The authors divided the patients into two groups: diabetic patients and prediabetic patients, and they further categorized them according to their baseline BMI before LSG into patients with BMI ≥40 kg/m2 and patients with BMI <40kg/m2. The prediabetic patients in this study were identified as those with baseline HbA1c levels between ≥5.7% and <6.5%. The effect of LSG was evaluated using (baseline - mean postoperative records) of BMI and HbA1c according to the available data for each patient irrespective of the follow-up period. Not all patients had complete follow-up records of one year, which forced the authors to calculate a mean follow-up period for all patients. The mean follow-up period was 10 months. The authors used the criteria of the American Association of Diabetes as HbA1c <6.5% in diabetic patients and HbA1c <5.7% in prediabetic patients for achieving normal glucose levels.
Data analysis was performed using the statistical package for social sciences (SPSS) software, version 21 (IBM Corp., Armonk, NY). Normality tests were conducted using the Shapiro-Wilk test. The data followed an abnormal distribution, so, a non-parametric test was applied. Qualitative data were presented using counts and percentages, while quantitative data were presented using mean ± Standard Deviation (SD). Paired T-test was used to compare preoperative and postoperative data of BMI and HbA1c in diabetic and prediabetic groups. As well as comparing the preoperative and postoperative data of BMI and HbA1c in patients with BMI ≥40kg/m2 versus patients with BMI <40kg/m2 before LSG. A p-value of ≤0.05 (two-sided) was used to indicate statistical significance.
Results
This study included 102 obese patients who underwent LSG during the period of the study and fulfilled the inclusion criteria. The characteristics information of the patients at baseline are detailed in Table 1. The mean age was 41.6±12.2 with a range of 19 to 64 years old, and most of the patients were females (72.5%). In our sampled patients, 64.7% had diabetes and 35.3% were prediabetic. The majority of the patients had a baseline BMI ≥40kg/m2 (80.4%). The mean baseline of BMI was 47.3±7.73 kg/m2, and the range of HbA1c was between 5.7% and 12.2% at baseline.
Table 1. Baseline characteristics of patients (n=102).

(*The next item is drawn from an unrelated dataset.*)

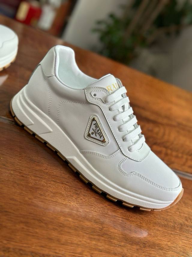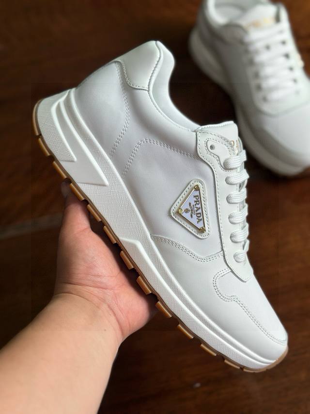 实价: pra 普拉达2025春夏新品男士高端运动鞋,这款运动鞋休闲百搭,选用进口牛皮打造,进口羊皮内里,轻质发泡大底,脚感非常舒适,运用柔和简洁的线条勾勒出运动风廓形。鞋底轻盈而稳固,带有标志性的涂珐琅三角形金属徽标,鞋舌饰有压花效果丝网印花徽标,彰显别具一格的魅力。 DDD Size:38-46 45 46订做 DDD

N = Number of patients; n = Total number of patients
| Study variables | N (%) |
| Gender | |
| Male | 28 (27.5%) |
| Female | 74 (72.5%) |
| Diabetes | |
| Yes | 66 (64.7%) |
| No | 36 (35.3%) |
| BMI ≥ 40kg/m2 | |
| Diabetic | 50 (49%) |
| Non-diabetic | 32 (31.4%) |
| BMI < 40kg/m2 | |
| Diabetic | 16 (15.7%) |
| Non-diabetic | 4 (3.9%) |
| Mean ± SD | |
| Age (19 – 64) years | 41.6 ± 12.2 |
| Baseline BMI (30.9 – 67.4)kg/m2 | 47.3 ± 7.73 |
| Baseline HbA1c (5.7 – 12.2)% | 7.45 ± 1.66 |
The paired T-test comparison between baseline and postoperative BMI and HbA1c among all patients is shown in Table 2. We found that there was a statistically significant difference between preoperative and postoperative BMI (mean differences: 14.2; p<0.001). Also, a significant difference was found in the comparison between preoperative and postoperative HbA1c (mean differences: 1.67; p<0.001).
Table 2. Paired T-test of Pre- and Postoperative BMI and HbA1c of all patients (n=102).
** = Statistically significant; n = Total number of patients
| Variables | Baseline Mean ± SD | Postoperative Mean ± SD | Mean Differences | P-value |
| BMI (kg/m2) | 47.3 ± 7.73 | 33.1 ± 6.72 | 14.2 | <0.001 ** |
| HbA1c (%) | 7.45 ±1.66 | 5.78 ± 0.92 | 1.67 | <0.001 ** |
The number of patients with BMI ≥40 kg/m2 before LSG was 82 and with BMI <40 kg/m2 was 20. Diabetic patients with BMI ≥40 kg/m2 were 50, while 32 were prediabetic. Moreover, there were 16 diabetic patients with BMI <40 kg/m2 and four patients were prediabetic. Baseline and postoperative means of HbA1c and BMI in patients with BMI ≥40kg/m2 before LSG are presented in Figure 1. In the paired T-test of this group, there is a significant difference between preoperative and postoperative values for BMI and HbA1c in both diabetic and prediabetic patients, with a higher decrease in HbA1c in the diabetic group compared to the prediabetic group (mean differences 1.72 vs. 0.63, p=0.001 vs. p=0.001), and a higher weight loss in the prediabetic group compared to the diabetic group (mean differences: 17.30 vs. 15.10, p=0.001 vs. p=0.001).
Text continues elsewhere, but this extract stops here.